• _Exercise description_
Skip the pictures. Output only the lines below starting at the line with "This is a 1995" and ending at the line with "- RASCI-VS Matrix: RASCI-VS", both ends included, exactly as they are.

• _Records for the exercise_
<<<<

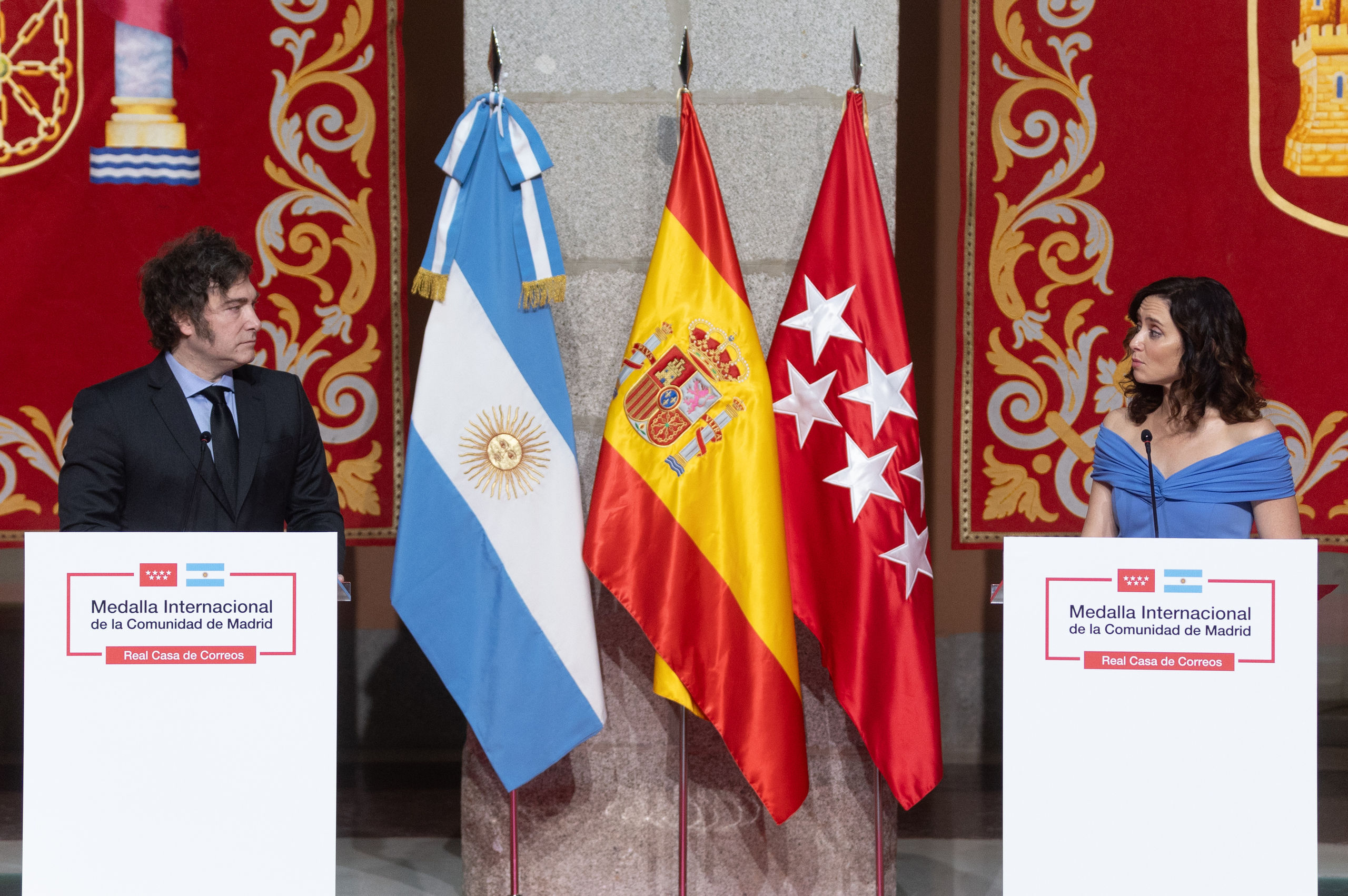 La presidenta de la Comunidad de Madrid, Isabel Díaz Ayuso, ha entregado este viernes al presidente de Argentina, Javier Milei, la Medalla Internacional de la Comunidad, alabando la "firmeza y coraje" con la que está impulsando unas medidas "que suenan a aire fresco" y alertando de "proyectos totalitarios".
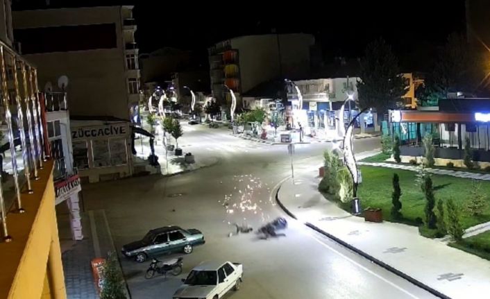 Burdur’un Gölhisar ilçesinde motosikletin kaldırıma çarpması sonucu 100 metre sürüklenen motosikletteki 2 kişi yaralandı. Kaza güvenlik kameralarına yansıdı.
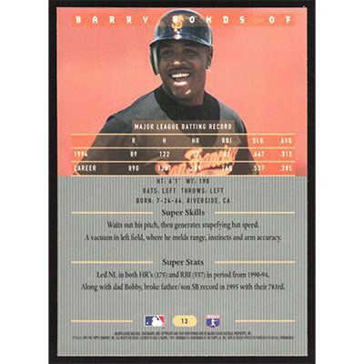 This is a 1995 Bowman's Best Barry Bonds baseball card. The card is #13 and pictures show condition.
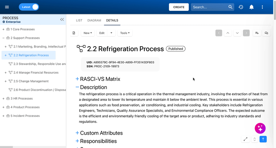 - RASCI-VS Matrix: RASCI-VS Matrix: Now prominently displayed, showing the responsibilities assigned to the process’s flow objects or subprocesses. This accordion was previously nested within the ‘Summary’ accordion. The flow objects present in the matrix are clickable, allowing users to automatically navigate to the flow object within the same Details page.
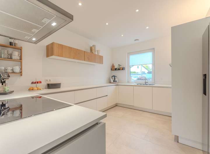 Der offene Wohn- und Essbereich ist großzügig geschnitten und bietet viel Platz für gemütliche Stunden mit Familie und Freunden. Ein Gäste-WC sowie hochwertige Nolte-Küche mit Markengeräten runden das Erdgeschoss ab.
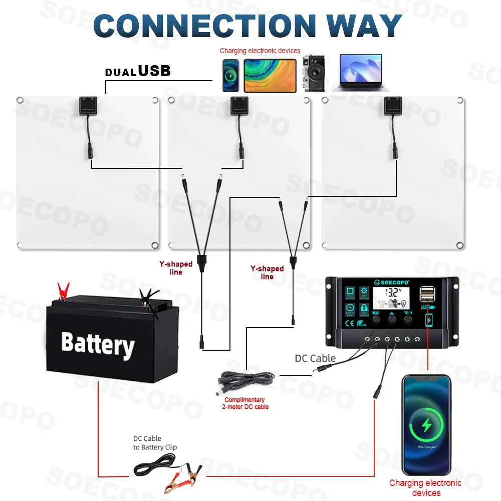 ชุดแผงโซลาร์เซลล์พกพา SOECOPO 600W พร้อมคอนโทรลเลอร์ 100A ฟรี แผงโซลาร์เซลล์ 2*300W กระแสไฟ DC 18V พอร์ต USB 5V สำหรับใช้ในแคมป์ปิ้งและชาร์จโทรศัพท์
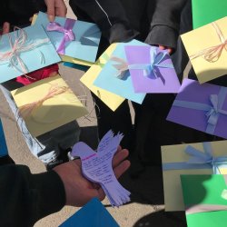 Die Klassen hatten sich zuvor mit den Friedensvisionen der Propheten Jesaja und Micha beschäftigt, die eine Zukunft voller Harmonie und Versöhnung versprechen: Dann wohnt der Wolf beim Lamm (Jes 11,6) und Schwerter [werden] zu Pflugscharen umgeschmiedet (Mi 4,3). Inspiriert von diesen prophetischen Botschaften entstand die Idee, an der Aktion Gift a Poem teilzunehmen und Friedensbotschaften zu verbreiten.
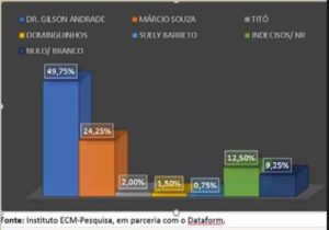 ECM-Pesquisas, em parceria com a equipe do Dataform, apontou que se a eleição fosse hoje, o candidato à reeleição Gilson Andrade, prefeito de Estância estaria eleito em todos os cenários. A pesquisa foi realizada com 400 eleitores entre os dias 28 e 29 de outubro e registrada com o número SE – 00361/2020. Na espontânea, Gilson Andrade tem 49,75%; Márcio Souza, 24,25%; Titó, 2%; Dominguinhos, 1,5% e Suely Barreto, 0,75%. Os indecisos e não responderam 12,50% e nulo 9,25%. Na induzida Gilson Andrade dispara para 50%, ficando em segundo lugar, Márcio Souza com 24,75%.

>>>>

• _Your response_
 This is a 1995 Bowman's Best Barry Bonds baseball card. The card is #13 and pictures show condition.
 - RASCI-VS Matrix: RASCI-VS Matrix: Now prominently displayed, showing the responsibilities assigned to the process’s flow objects or subprocesses. This accordion was previously nested within the ‘Summary’ accordion. The flow objects present in the matrix are clickable, allowing users to automatically navigate to the flow object within the same Details page.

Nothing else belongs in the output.